By the time they drove from Dodoma to Dar es Salaam, Dave Purdue knew that his sister was lost in Africa. In fact, he thought she was industrious enough to get herself home and did his best to push the matter out of his head. As the months went by Purdue did try to find Agatha, but his trail would grow cold at every end. His sources would report that she was seen, that she was alive and well, and that she was an activist in North Africa, Mauritius, and Egypt the last time they heard. And so he let it go eventually, figuring that his twin sister was following her passion for reform and conservation, and thus did not need saving anymore, if she ever had.

It was rather a shock to see her again after decades apart, but he enjoyed her company immensely. With a little pressing he was sure she would eventually reveal why she resurfaced now.

“So tell me why you wanted me to get Sam and Nina out of Russia,” Purdue insisted. He had been trying to get to the bottom of her mostly shrouded reasons for seeking his help, but Agatha hardly gave him the full picture and the way he knew her, that was all he would get, until she decided otherwise.

“You have always been about the money, David. I doubt you would be interested in anything you did not profit from,” she replied coolly, as she sipped her coffee. “I need Dr. Gould to help me find something I was hired to locate. As you know, my business is books. And hers is history. I don’t need much from you, other than summoning the lady so that I can use her expertise.”

“That’s all you need from me?” he asked, a smirk playing on his face.

“Yes, David,” she sighed.

“In the past few months Dr. Gould, and others involved like myself, have gone incognito to avoid being persecuted by the Black Sun organization and its affiliates. These people are not to be trifled with.”

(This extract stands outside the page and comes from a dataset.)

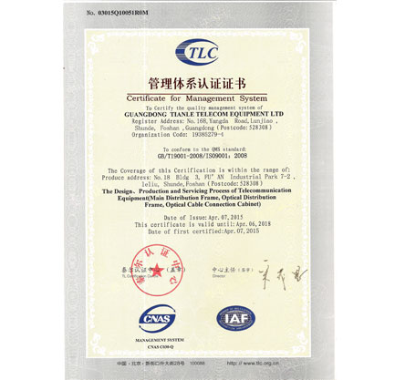 Guangdong Tianle Telecommunication Equipment Limited Company was formerly named Guangdong NO.1 Telecom-equipment Manufactory......Certification
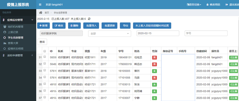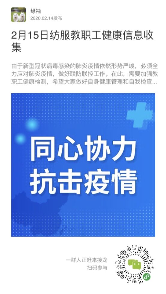 依托大数据,信息快捷。运用微信接龙小程序和学生疫情上报系统,实现信息收集的公开化、智能化。教职工每日9:30前在“纺服通知微信群”完成“纺服教职工健康信息收集”接龙,主要汇报教师目前所在地、本人及家庭成员身体状况等。学生每日9:00前在“完美校园”学生疫情上报系统“健康打卡”,系统自动汇总上报数据,每日10:00由赵菊梅和陈玲敏老师分别汇总收集的师生数据并上报“纺服疫情工作组”,信息确认无误后再上报学校。

“No doubt something you did that pissed them off,” she said plainly.

He could not refute that.

“In any event, I need you to find her for me. She would be invaluable to my investigation and well remunerated by my client,” Agatha said, shifting impatiently. “And I do not have an eternity to get to it, understand?”

“So, this is not a social call to catch up on all the things we have been up to?” he smiled sarcastically, playing on his sister’s well-known intolerance for tardiness.

“Oh, I am up to date on your doings, David, and well informed. You have not exactly been modest with your achievements and celebrity. It doesn’t take a bloodhound to dig up the things you have been involved in. Where do you think I heard of Nina Gould?” she asked, her tone much like that of a boasting child on a full playground.

“Well, I’m afraid we would have to go to Russia to get her. While she is in hiding I am sure she doesn’t have a phone and cannot just cross borders without acquiring some sort of forged identity,” he explained.

“Good. You go get her. I’ll wait in Edinburgh, at that nice house of yours,” she nodded derisively.